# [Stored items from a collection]
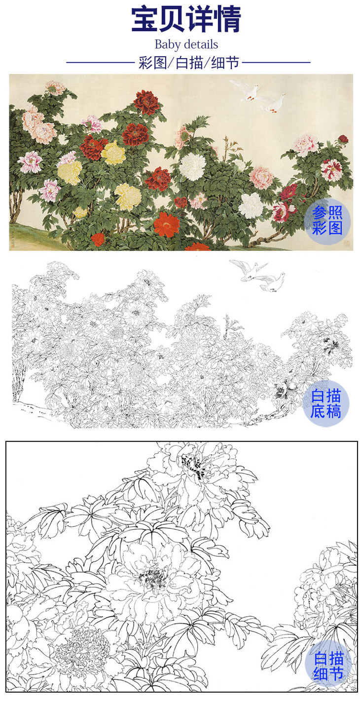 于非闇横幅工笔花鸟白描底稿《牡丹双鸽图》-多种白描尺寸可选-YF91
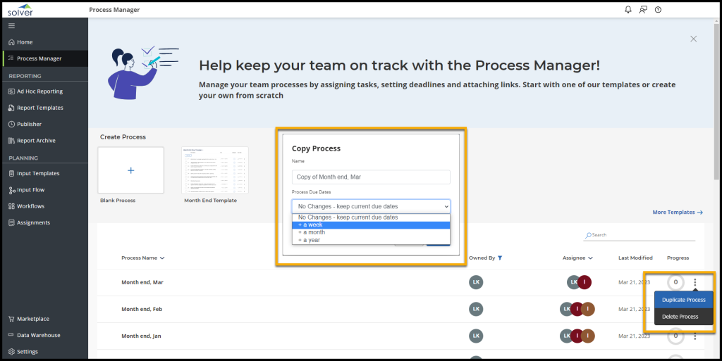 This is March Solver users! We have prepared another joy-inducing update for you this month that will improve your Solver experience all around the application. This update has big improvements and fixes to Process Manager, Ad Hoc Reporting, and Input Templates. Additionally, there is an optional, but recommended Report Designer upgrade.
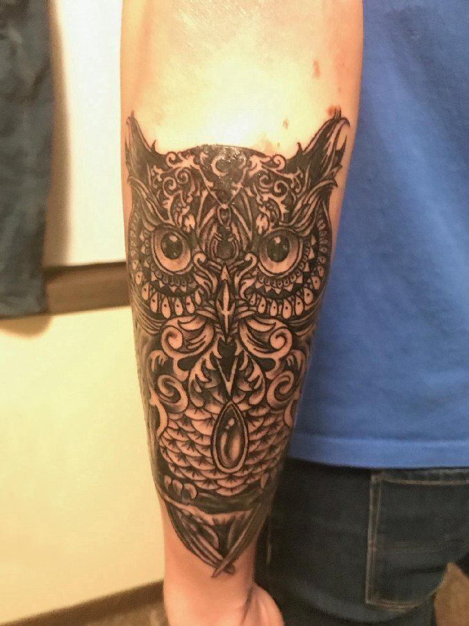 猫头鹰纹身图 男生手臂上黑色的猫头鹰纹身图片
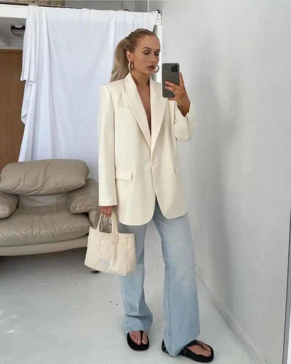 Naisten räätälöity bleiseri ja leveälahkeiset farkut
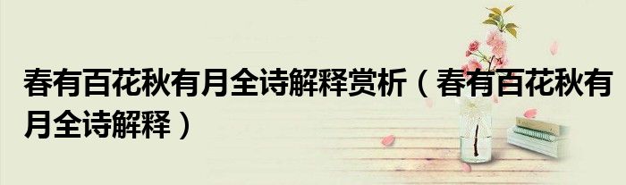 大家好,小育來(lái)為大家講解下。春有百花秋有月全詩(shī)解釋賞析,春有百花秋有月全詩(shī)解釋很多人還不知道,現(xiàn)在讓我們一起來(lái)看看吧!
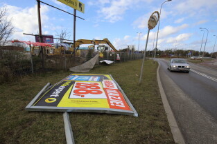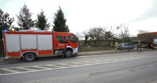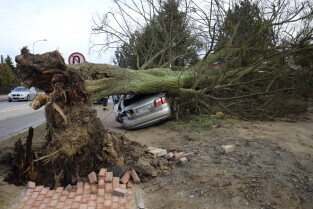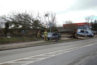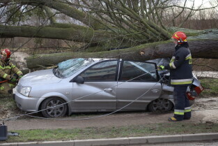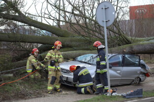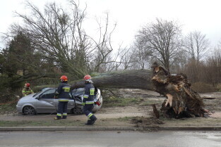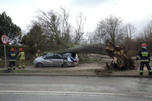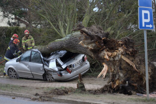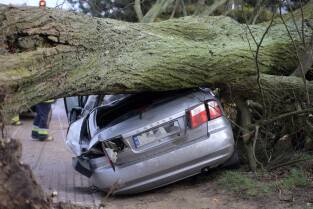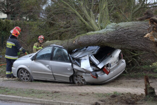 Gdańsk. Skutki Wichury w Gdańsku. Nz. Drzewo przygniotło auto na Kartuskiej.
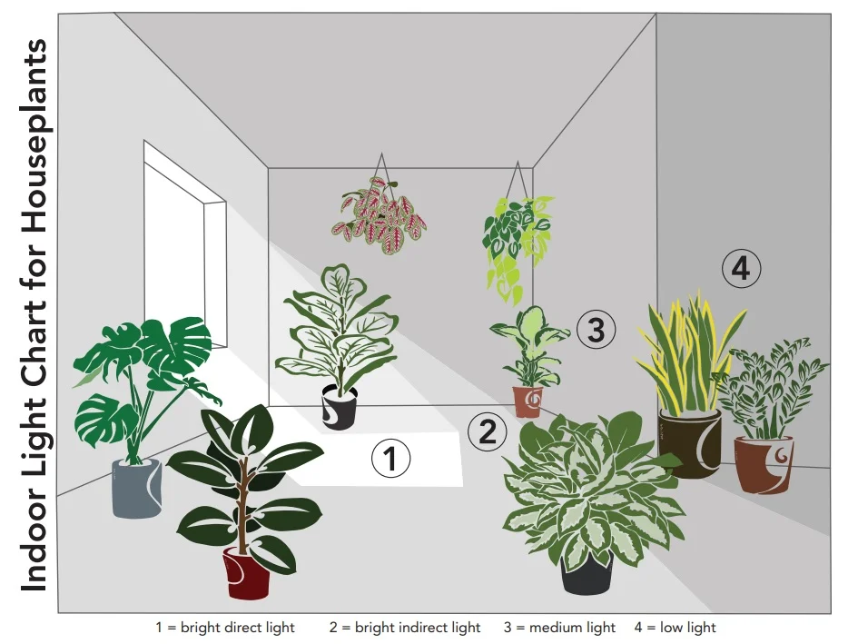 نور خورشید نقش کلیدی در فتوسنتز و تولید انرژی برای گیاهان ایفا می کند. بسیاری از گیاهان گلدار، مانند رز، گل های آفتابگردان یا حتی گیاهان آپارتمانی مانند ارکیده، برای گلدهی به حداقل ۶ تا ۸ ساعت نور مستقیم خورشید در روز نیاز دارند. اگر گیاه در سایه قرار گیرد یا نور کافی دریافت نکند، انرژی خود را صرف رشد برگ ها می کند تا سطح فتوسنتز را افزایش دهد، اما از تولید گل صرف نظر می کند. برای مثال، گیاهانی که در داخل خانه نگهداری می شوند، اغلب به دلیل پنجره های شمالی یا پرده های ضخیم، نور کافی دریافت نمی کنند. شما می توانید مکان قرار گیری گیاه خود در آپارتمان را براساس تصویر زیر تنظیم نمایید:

# [YOUR OBJECTIVE]
Your answer must be exactly the lines from the one containing "猫头鹰纹身图 男生手臂上黑色的猫头鹰纹身图片" through the last line of the records above, both included, with every picture left out.

# [RESULT OF THE EXERCISE]
 猫头鹰纹身图 男生手臂上黑色的猫头鹰纹身图片
 Naisten räätälöity bleiseri ja leveälahkeiset farkut
 大家好,小育來(lái)為大家講解下。春有百花秋有月全詩(shī)解釋賞析,春有百花秋有月全詩(shī)解釋很多人還不知道,現(xiàn)在讓我們一起來(lái)看看吧!
 Gdańsk. Skutki Wichury w Gdańsku. Nz. Drzewo przygniotło auto na Kartuskiej.
 نور خورشید نقش کلیدی در فتوسنتز و تولید انرژی برای گیاهان ایفا می کند. بسیاری از گیاهان گلدار، مانند رز، گل های آفتابگردان یا حتی گیاهان آپارتمانی مانند ارکیده، برای گلدهی به حداقل ۶ تا ۸ ساعت نور مستقیم خورشید در روز نیاز دارند. اگر گیاه در سایه قرار گیرد یا نور کافی دریافت نکند، انرژی خود را صرف رشد برگ ها می کند تا سطح فتوسنتز را افزایش دهد، اما از تولید گل صرف نظر می کند. برای مثال، گیاهانی که در داخل خانه نگهداری می شوند، اغلب به دلیل پنجره های شمالی یا پرده های ضخیم، نور کافی دریافت نمی کنند. شما می توانید مکان قرار گیری گیاه خود در آپارتمان را براساس تصویر زیر تنظیم نمایید:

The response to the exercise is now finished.